Грейс продолжала сомневаться:
– Если бы в Гамельн пришла чума, она бы затронула не одних детей. Речь шла бы о массовых смертях во всем городе, как мне кажется.
– Да…
– Мысль, к которой возвращаются все исторические тексты и легенда, – это уход детей. Если я правильно помню, Люнебургский манускрипт наиболее точен, – сказала Грейс, возвращаясь назад. – Мне кажется, я видела свидетельство монаха на одной из ваших табличек с объяснениями.
Грейс довольно быстро нашла то, что искала.
– А, вот, это здесь: «Сто тридцать детей, рожденных в Гамельне, были уведены. И потерялись в месте Кальвария близ Коппена». Где это – Коппен?
– Полагают, что речь идет о холме близ Коппенбрюгге, в нескольких километрах отсюда. Там скалистые склоны, поросшие лесом, а в конце тропы, карабкающейся на вершину, имеется впадина в форме черепа, с древних времен называемая locum calvaria. Это латинское выражение означает «место черепа».
– Значит, дети могли быть уведены в это место и там потеряться?
Размышляя об этом, Грейс вдруг осознала, что один элемент истории не давал ей покоя с самого начала.
– Мистер Бравекод, во всем этом мне кое-что непонятно.
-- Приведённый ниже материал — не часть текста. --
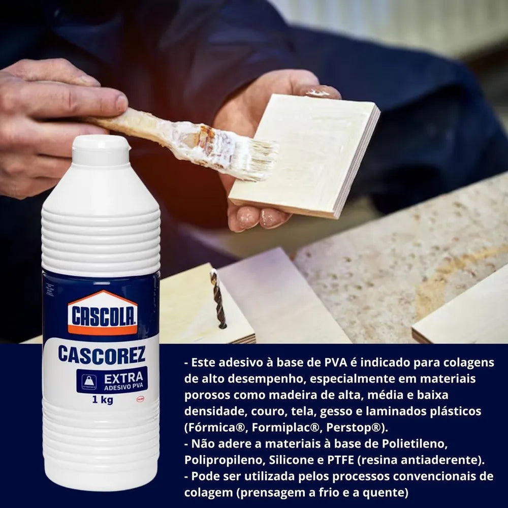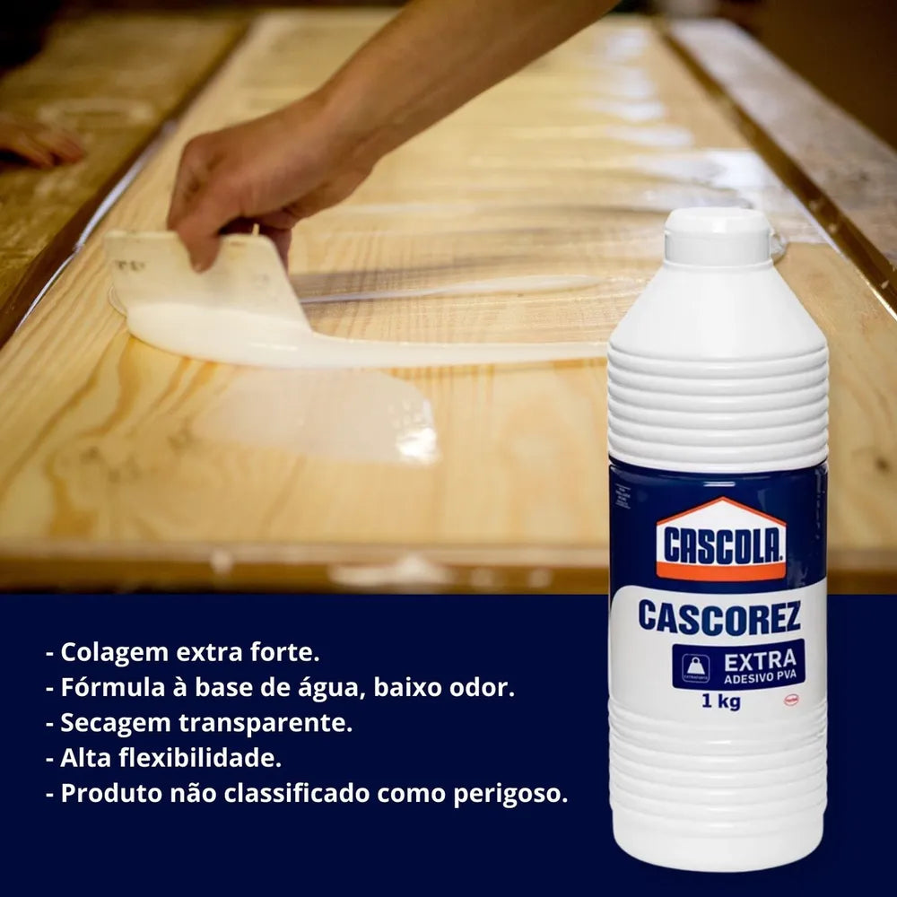 A cola Cacorez Extra PVA é à base de água, isenta de solventes e livre de elementos tóxicos, fornecendo uma colagem resistente e segura.

Как стало известно, куда они ушли, если их никто не видел и никто оттуда не вернулся?
– Объяснение очень простое. Возможно, вам не рассказали легенду во всех подробностях, но в большинстве ее версий двое детей, будто бы, не дошли до конца дороги и вернулись к своим родителям. И на то была веская причина: один был глухой, он следовал за остальными по тропинке, все-таки не поддавшись околдовывающей мелодии флейты, и не вошел в пещеру. А другой был хромым и не сумел вскарабкаться на вершину холма. Увечья спасли их и сделали свидетелями трагедии.
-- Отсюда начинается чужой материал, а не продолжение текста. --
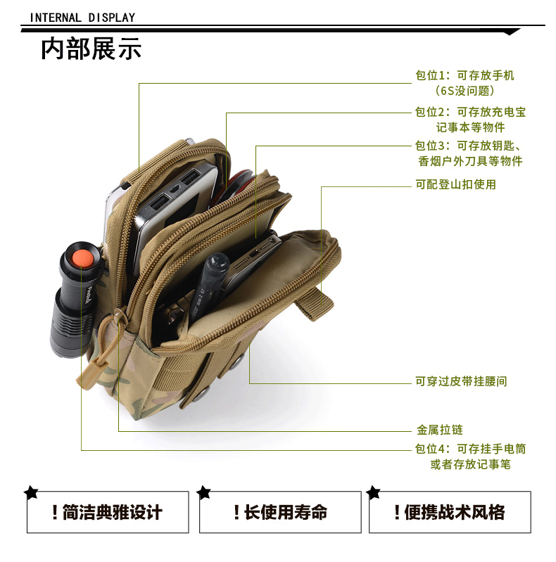 Yitu molle Men's Multi-functional waterproof Camouflage Hiking Bag, Camouflage Outdoor Sports Mobile Phone Tactical Waist Bag

Грейс бросила взгляд на акварель Августина фон Мёрсберга, висящую в некотором отдалении, и поняла, что художник хотел показать, рисуя позади группы ребенка, упавшего на спину и протянувшего руку к тем, кто продолжают свое неотвратимое восхождение на холм. Но теперь, когда она решила этот вопрос, ее заинтриговала другая деталь истории.
– Наверное, я покажусь вам занудой, но почему сто тридцать маленьких жителей города так доверчиво пошли за человеком, которого видели впервые в жизни? Тем более так далеко от дома? В околдовывающую музыку я не верю.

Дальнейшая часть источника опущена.